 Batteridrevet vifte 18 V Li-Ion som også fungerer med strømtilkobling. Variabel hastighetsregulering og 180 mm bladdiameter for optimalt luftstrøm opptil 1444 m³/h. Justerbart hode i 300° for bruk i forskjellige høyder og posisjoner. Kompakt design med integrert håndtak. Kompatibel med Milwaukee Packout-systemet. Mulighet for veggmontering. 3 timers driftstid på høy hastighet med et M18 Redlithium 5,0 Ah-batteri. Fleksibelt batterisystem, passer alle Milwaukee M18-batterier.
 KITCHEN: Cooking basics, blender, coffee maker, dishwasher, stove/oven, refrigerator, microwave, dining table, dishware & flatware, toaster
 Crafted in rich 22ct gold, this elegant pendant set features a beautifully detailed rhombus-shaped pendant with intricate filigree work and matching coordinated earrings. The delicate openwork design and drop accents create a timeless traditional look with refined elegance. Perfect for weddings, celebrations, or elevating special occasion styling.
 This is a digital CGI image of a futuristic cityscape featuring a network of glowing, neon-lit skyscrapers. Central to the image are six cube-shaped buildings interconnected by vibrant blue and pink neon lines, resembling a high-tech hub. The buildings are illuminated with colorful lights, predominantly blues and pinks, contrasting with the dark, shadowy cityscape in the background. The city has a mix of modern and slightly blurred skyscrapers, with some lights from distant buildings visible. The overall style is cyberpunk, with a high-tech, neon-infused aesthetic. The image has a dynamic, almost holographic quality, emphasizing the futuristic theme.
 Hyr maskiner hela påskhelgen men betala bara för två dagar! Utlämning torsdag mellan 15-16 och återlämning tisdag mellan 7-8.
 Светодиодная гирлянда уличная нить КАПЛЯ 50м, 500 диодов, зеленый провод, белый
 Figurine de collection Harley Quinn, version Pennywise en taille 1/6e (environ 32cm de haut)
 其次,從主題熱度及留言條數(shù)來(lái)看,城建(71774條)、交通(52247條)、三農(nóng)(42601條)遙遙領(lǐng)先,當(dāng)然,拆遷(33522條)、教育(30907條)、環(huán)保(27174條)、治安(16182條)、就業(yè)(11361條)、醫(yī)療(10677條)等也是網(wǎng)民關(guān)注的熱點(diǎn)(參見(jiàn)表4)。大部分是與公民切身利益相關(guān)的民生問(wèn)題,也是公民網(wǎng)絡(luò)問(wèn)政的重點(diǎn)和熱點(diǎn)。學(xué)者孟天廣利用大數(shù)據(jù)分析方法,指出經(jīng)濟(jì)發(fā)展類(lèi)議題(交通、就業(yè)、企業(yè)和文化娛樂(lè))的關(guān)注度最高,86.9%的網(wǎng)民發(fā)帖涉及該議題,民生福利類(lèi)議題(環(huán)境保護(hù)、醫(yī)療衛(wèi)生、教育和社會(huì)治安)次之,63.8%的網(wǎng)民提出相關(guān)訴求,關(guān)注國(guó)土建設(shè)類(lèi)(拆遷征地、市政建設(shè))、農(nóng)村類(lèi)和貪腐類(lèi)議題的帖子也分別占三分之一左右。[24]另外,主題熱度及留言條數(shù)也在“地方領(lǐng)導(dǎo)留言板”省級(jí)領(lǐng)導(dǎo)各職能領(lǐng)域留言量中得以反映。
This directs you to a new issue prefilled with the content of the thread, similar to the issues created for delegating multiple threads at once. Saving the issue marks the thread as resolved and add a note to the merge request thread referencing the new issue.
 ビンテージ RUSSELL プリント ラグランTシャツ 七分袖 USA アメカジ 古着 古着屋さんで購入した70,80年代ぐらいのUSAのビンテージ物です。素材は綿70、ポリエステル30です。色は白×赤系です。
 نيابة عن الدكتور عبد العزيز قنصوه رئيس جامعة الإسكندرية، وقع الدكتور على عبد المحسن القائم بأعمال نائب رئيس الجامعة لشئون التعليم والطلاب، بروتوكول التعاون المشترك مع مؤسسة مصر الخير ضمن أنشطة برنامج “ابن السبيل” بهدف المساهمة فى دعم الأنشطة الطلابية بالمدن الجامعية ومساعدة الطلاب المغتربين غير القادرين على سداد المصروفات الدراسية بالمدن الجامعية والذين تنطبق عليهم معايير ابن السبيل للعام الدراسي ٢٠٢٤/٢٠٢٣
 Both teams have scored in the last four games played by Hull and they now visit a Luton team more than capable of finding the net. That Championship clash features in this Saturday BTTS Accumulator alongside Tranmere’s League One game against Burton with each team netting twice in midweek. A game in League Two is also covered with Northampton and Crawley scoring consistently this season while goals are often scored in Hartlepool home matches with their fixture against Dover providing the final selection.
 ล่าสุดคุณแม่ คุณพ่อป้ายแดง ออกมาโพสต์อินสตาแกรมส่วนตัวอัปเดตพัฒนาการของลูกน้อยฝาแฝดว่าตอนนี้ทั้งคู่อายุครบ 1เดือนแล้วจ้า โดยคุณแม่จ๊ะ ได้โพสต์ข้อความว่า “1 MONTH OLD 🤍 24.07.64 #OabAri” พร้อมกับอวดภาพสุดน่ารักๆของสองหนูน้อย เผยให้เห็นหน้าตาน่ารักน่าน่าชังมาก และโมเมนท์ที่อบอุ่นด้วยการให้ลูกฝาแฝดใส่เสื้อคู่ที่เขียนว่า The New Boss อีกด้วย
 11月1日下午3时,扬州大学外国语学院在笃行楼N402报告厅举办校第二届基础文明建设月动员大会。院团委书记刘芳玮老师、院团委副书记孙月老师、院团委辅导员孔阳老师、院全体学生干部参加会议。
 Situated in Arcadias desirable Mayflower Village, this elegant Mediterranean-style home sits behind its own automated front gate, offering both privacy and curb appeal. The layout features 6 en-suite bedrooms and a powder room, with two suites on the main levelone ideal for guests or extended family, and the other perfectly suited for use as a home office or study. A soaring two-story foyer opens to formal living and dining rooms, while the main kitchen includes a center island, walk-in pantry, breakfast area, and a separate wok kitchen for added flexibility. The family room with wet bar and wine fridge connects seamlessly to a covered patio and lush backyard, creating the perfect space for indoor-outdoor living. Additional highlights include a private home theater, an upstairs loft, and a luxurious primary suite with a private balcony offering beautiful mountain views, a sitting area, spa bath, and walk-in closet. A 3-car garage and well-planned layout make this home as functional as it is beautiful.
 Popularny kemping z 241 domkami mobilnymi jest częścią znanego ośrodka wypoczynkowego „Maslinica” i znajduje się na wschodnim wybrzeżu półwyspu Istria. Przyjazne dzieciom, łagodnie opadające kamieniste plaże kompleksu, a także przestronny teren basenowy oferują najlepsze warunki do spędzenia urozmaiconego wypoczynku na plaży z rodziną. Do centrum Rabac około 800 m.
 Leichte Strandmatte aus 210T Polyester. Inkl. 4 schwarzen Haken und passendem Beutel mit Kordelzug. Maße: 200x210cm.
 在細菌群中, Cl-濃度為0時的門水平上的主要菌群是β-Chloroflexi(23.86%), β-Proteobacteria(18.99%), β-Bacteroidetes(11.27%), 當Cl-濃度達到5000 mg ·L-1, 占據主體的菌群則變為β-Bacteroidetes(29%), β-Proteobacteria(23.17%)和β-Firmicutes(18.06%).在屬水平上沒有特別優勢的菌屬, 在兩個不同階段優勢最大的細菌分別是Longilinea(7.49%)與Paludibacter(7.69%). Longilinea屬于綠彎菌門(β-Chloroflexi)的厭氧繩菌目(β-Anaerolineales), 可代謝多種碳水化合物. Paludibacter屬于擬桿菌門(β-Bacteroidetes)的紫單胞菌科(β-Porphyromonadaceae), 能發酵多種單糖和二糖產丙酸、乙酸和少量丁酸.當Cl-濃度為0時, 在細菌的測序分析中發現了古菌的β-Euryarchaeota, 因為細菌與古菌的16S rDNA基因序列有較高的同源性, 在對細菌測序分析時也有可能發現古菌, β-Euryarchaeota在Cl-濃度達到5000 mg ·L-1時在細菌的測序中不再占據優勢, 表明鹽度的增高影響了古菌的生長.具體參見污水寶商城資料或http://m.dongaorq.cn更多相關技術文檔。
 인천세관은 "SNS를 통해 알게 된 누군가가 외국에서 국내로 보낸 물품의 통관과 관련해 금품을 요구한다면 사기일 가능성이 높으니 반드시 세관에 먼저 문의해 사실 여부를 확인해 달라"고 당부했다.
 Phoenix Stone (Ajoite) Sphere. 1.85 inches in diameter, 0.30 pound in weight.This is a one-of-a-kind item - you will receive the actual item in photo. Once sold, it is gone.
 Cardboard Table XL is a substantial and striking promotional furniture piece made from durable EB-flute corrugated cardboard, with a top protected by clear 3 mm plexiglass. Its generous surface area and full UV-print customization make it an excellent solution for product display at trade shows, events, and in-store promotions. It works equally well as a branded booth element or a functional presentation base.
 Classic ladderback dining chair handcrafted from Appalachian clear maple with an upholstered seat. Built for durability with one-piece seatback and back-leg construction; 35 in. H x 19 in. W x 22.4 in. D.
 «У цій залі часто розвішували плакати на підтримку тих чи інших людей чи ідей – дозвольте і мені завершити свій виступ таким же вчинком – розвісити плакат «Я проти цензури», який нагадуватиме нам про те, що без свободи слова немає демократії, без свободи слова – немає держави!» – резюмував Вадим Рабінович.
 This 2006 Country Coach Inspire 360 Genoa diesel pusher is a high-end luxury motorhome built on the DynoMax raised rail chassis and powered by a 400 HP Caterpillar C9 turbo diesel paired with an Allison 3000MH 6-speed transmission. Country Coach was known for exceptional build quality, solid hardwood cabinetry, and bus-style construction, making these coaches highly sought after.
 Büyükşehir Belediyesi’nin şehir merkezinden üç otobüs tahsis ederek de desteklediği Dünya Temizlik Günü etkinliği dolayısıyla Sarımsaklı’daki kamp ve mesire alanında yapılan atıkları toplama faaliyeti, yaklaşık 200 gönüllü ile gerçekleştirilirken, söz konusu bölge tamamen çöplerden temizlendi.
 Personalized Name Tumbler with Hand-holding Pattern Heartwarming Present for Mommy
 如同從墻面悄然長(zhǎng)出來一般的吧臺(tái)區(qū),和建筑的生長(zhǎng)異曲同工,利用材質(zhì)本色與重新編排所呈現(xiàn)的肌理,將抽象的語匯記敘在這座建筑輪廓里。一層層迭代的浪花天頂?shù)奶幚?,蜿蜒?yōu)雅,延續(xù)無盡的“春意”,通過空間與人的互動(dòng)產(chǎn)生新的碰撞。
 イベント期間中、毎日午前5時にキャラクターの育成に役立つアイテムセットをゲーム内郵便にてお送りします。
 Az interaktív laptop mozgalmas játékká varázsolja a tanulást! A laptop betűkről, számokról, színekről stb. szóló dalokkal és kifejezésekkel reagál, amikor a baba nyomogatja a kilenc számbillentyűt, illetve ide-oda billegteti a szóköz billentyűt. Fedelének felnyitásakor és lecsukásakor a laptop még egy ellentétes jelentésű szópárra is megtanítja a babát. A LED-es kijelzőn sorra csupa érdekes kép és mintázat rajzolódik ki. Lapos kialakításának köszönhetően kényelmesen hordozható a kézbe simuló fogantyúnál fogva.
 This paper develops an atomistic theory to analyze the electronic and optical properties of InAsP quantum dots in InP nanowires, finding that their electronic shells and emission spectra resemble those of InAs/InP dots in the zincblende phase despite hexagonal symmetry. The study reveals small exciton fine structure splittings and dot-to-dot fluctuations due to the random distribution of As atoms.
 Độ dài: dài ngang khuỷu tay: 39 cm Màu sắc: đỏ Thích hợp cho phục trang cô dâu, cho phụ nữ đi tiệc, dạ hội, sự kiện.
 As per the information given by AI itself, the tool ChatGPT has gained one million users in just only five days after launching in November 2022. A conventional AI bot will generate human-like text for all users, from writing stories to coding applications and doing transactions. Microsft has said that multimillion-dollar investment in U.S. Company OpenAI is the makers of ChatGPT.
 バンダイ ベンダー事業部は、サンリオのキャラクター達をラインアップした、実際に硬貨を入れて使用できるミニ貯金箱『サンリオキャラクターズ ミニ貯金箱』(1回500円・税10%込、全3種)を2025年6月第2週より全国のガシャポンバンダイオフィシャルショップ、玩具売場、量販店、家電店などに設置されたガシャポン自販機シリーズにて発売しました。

^^^^

> _Task to carry out_:
From the entries above, print the lines beginning at the one with "Personalized Name Tumbler" and stopping after the one with "イベント期間中、毎日午前5時", exactly as written and with nothing else.

> _Exercise output_:
 Personalized Name Tumbler with Hand-holding Pattern Heartwarming Present for Mommy
 如同從墻面悄然長(zhǎng)出來一般的吧臺(tái)區(qū),和建筑的生長(zhǎng)異曲同工,利用材質(zhì)本色與重新編排所呈現(xiàn)的肌理,將抽象的語匯記敘在這座建筑輪廓里。一層層迭代的浪花天頂?shù)奶幚?,蜿蜒?yōu)雅,延續(xù)無盡的“春意”,通過空間與人的互動(dòng)產(chǎn)生新的碰撞。
 イベント期間中、毎日午前5時にキャラクターの育成に役立つアイテムセットをゲーム内郵便にてお送りします。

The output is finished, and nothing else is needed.